▸ **EXCERPTED RECORDS**
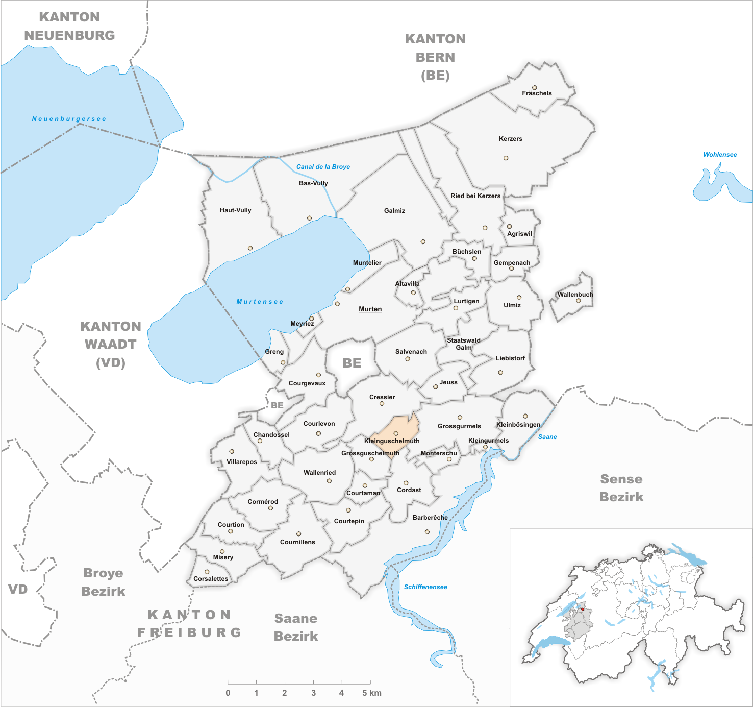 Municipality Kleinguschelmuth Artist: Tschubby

* * *

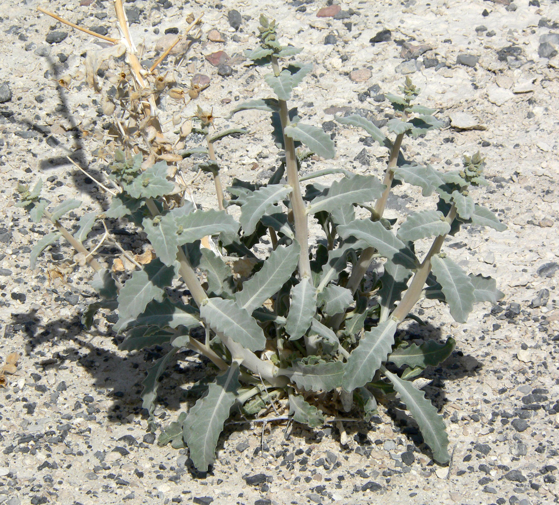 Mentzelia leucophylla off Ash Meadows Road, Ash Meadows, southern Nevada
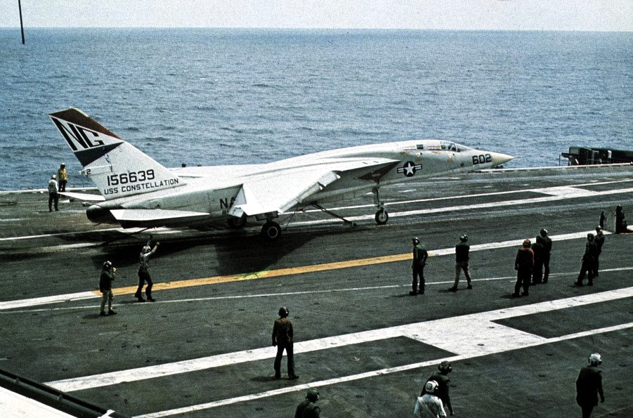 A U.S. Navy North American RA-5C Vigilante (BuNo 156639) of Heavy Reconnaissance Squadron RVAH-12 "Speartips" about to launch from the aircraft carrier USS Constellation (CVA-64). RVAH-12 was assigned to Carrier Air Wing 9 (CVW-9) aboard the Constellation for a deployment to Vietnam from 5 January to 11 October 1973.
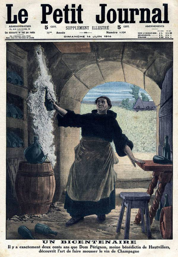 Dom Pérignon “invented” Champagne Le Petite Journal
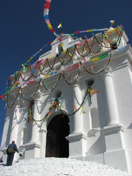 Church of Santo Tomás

--

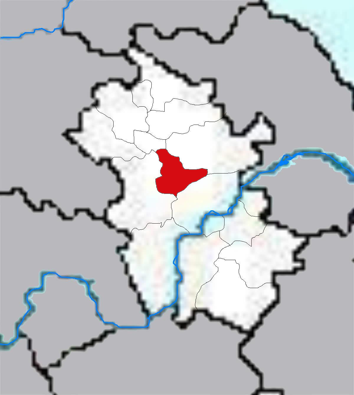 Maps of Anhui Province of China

▸ **WHAT THE EXERCISE ASKS**
Return the stretch of data that begins with the line showing "A U.S. Navy" and goes on through the line showing "Church of Santo Tomás", exactly, with pictures removed.

▸ **RESULT OF THIS TASK**
 A U.S. Navy North American RA-5C Vigilante (BuNo 156639) of Heavy Reconnaissance Squadron RVAH-12 "Speartips" about to launch from the aircraft carrier USS Constellation (CVA-64). RVAH-12 was assigned to Carrier Air Wing 9 (CVW-9) aboard the Constellation for a deployment to Vietnam from 5 January to 11 October 1973.
 Dom Pérignon “invented” Champagne Le Petite Journal
 Church of Santo Tomás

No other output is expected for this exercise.